Supplied information -
* * *

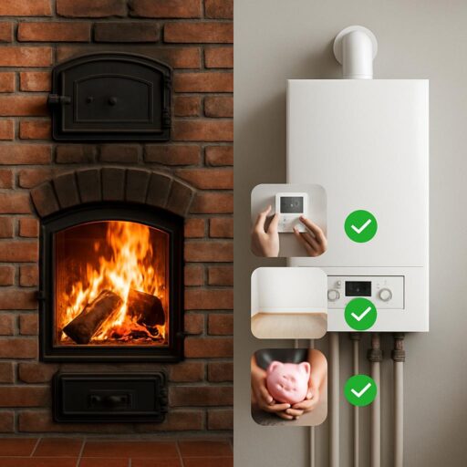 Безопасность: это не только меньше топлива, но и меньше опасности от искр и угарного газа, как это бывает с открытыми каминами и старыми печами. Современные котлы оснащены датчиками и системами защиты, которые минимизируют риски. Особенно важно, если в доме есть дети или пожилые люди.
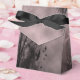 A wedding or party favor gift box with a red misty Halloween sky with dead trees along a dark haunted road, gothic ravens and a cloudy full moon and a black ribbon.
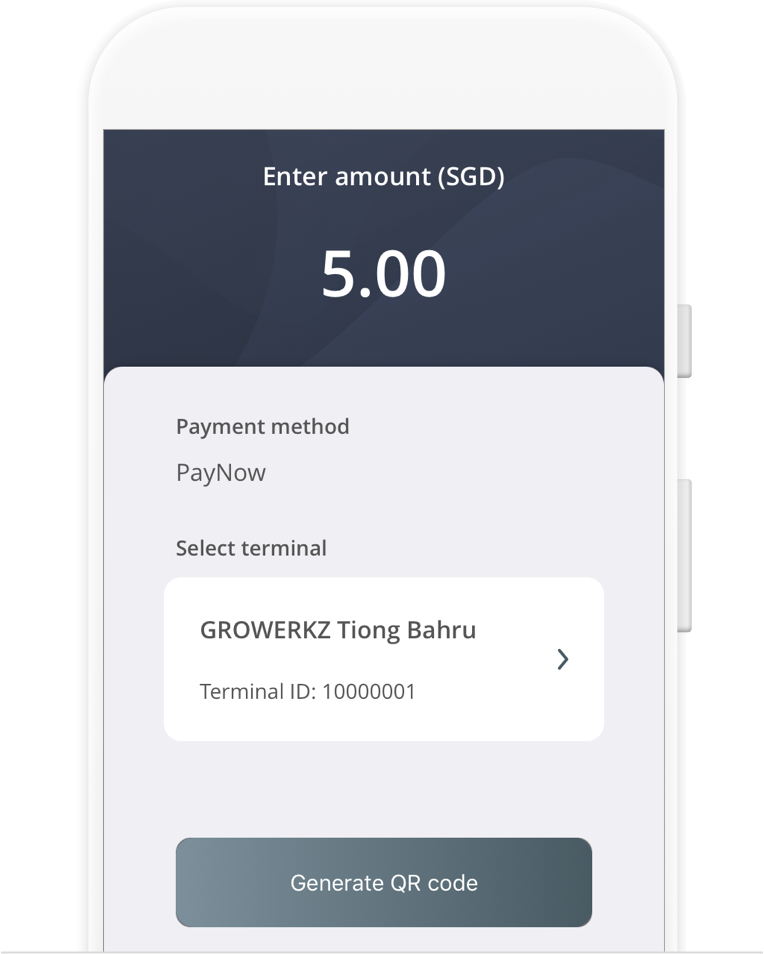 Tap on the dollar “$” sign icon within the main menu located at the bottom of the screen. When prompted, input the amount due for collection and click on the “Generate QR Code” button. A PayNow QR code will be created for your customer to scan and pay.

* * *

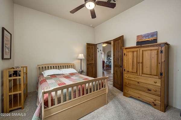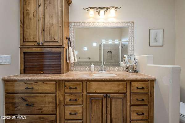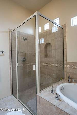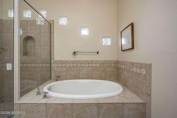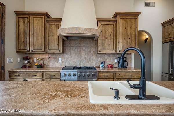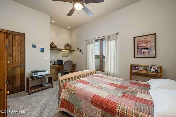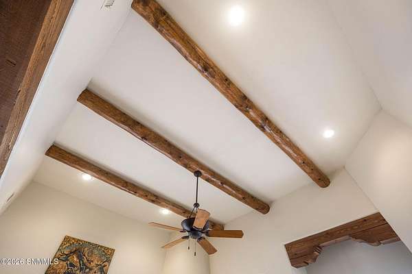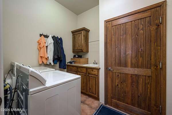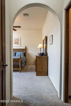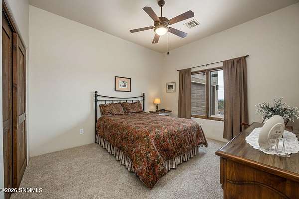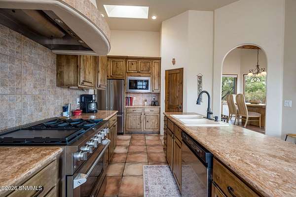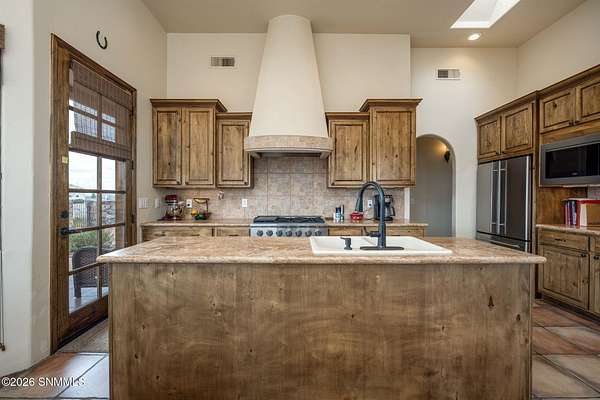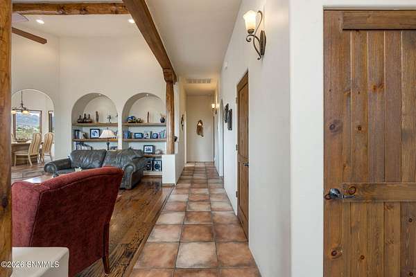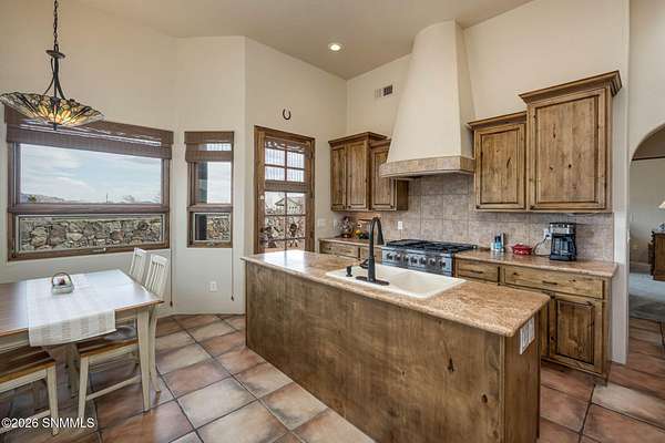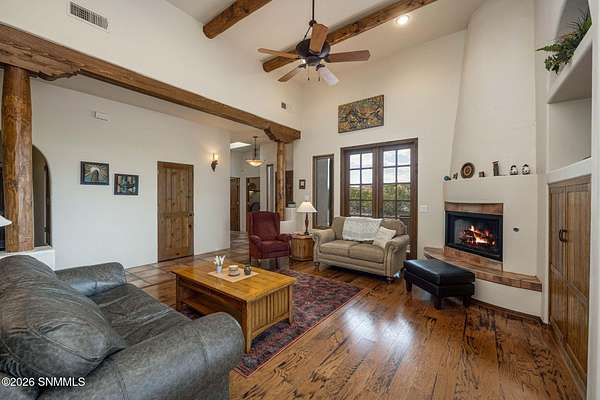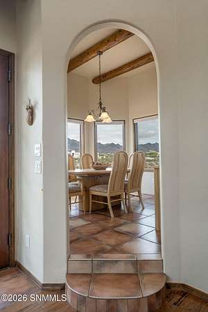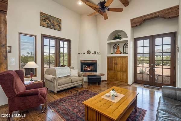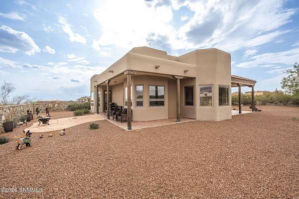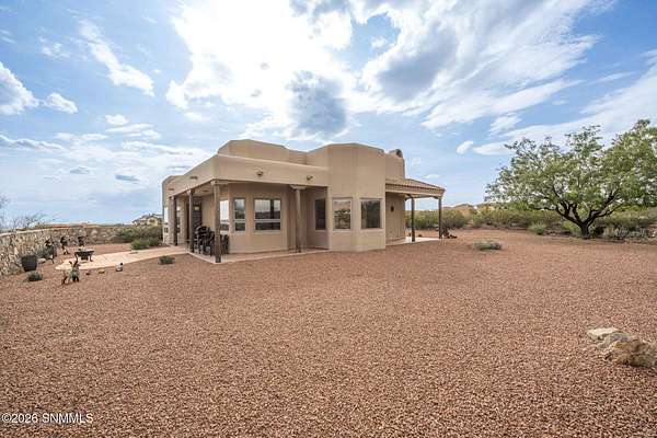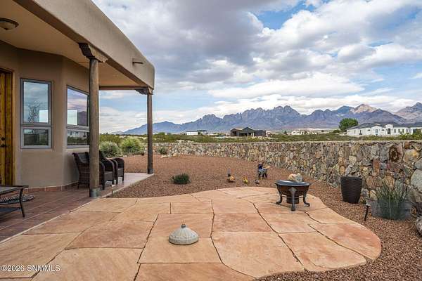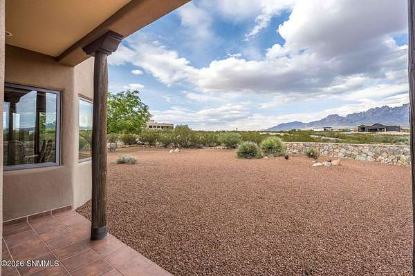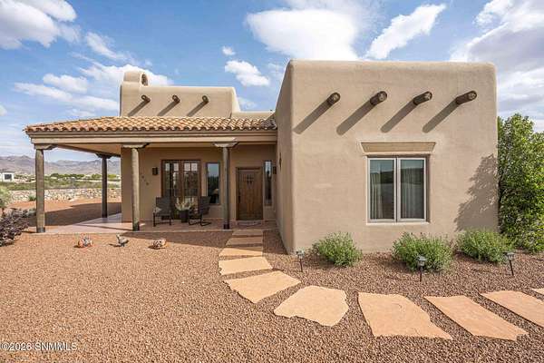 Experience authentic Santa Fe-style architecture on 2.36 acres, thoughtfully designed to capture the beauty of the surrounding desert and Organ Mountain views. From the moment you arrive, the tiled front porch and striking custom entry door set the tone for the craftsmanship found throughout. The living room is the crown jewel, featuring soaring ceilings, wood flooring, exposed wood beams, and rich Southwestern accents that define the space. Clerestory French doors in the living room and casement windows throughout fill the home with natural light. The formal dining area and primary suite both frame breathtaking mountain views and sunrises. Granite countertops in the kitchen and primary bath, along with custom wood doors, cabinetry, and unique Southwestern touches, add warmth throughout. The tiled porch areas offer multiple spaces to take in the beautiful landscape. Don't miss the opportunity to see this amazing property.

* * *

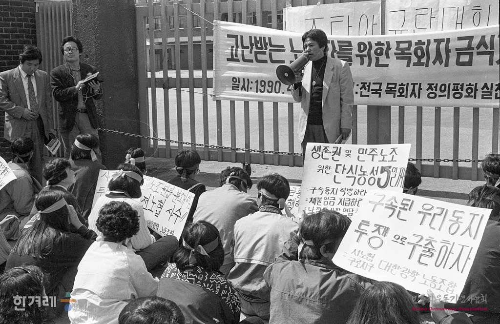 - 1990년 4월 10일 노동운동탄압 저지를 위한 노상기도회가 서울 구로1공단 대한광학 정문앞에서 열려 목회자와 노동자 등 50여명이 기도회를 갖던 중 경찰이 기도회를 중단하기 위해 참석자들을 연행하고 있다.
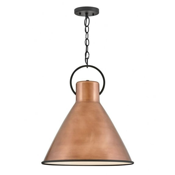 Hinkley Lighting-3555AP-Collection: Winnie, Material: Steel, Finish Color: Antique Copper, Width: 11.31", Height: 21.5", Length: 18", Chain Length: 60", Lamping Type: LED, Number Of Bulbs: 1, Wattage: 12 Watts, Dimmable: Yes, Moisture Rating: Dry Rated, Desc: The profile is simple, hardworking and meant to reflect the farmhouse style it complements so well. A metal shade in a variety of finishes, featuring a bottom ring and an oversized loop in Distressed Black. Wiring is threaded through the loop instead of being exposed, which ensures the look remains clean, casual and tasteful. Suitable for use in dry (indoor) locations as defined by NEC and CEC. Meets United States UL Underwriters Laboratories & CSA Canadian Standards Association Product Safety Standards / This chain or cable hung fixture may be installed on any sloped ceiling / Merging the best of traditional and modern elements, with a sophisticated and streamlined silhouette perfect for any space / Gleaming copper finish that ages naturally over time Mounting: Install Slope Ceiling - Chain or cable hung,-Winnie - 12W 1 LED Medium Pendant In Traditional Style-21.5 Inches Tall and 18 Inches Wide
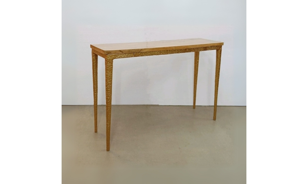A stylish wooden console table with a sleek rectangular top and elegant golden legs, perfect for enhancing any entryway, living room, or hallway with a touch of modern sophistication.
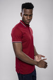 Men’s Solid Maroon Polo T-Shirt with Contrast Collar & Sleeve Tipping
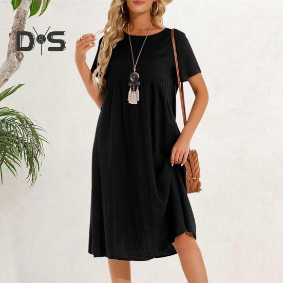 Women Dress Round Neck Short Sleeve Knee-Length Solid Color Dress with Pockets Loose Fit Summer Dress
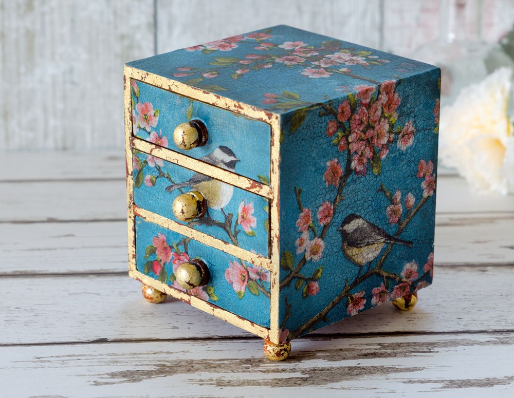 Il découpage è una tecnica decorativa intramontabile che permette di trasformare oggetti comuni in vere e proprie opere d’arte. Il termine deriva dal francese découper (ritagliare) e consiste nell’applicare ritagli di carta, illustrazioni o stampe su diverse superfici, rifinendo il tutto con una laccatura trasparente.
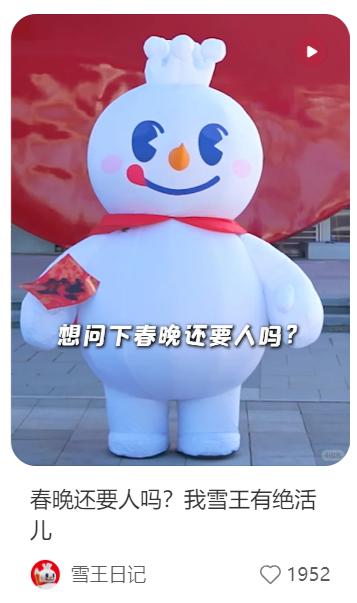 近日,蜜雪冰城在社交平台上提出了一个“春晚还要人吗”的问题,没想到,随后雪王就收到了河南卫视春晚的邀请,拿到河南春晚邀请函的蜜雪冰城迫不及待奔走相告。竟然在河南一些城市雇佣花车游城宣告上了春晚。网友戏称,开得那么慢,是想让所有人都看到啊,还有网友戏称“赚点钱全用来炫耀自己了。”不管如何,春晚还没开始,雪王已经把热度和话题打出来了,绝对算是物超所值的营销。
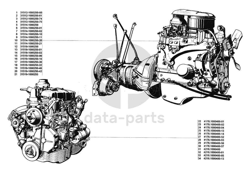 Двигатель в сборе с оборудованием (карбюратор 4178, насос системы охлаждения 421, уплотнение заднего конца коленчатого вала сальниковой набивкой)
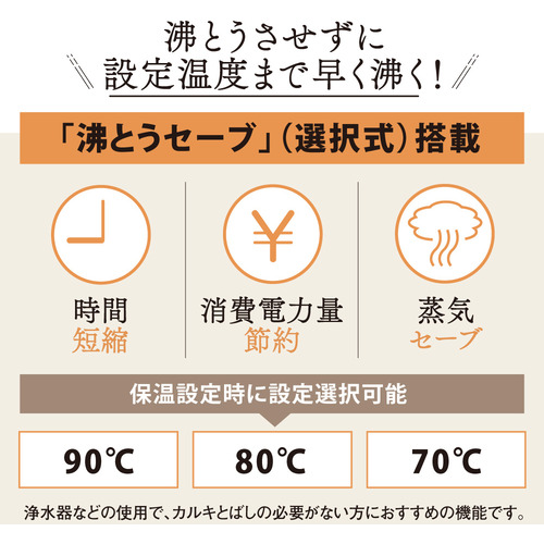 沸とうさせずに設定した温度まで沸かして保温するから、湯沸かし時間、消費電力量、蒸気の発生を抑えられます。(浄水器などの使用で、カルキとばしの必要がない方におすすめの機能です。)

* * *

What you will do -
From the records above, transcribe exactly the lines starting at the one containing "Women Dress Round" and ending at the one containing "沸とうさせずに設定した温度ま". Skip the pictures.

Final answer -
 Women Dress Round Neck Short Sleeve Knee-Length Solid Color Dress with Pockets Loose Fit Summer Dress
 Il découpage è una tecnica decorativa intramontabile che permette di trasformare oggetti comuni in vere e proprie opere d’arte. Il termine deriva dal francese découper (ritagliare) e consiste nell’applicare ritagli di carta, illustrazioni o stampe su diverse superfici, rifinendo il tutto con una laccatura trasparente.
 近日,蜜雪冰城在社交平台上提出了一个“春晚还要人吗”的问题,没想到,随后雪王就收到了河南卫视春晚的邀请,拿到河南春晚邀请函的蜜雪冰城迫不及待奔走相告。竟然在河南一些城市雇佣花车游城宣告上了春晚。网友戏称,开得那么慢,是想让所有人都看到啊,还有网友戏称“赚点钱全用来炫耀自己了。”不管如何,春晚还没开始,雪王已经把热度和话题打出来了,绝对算是物超所值的营销。
 Двигатель в сборе с оборудованием (карбюратор 4178, насос системы охлаждения 421, уплотнение заднего конца коленчатого вала сальниковой набивкой)
 沸とうさせずに設定した温度まで沸かして保温するから、湯沸かし時間、消費電力量、蒸気の発生を抑えられます。(浄水器などの使用で、カルキとばしの必要がない方におすすめの機能です。)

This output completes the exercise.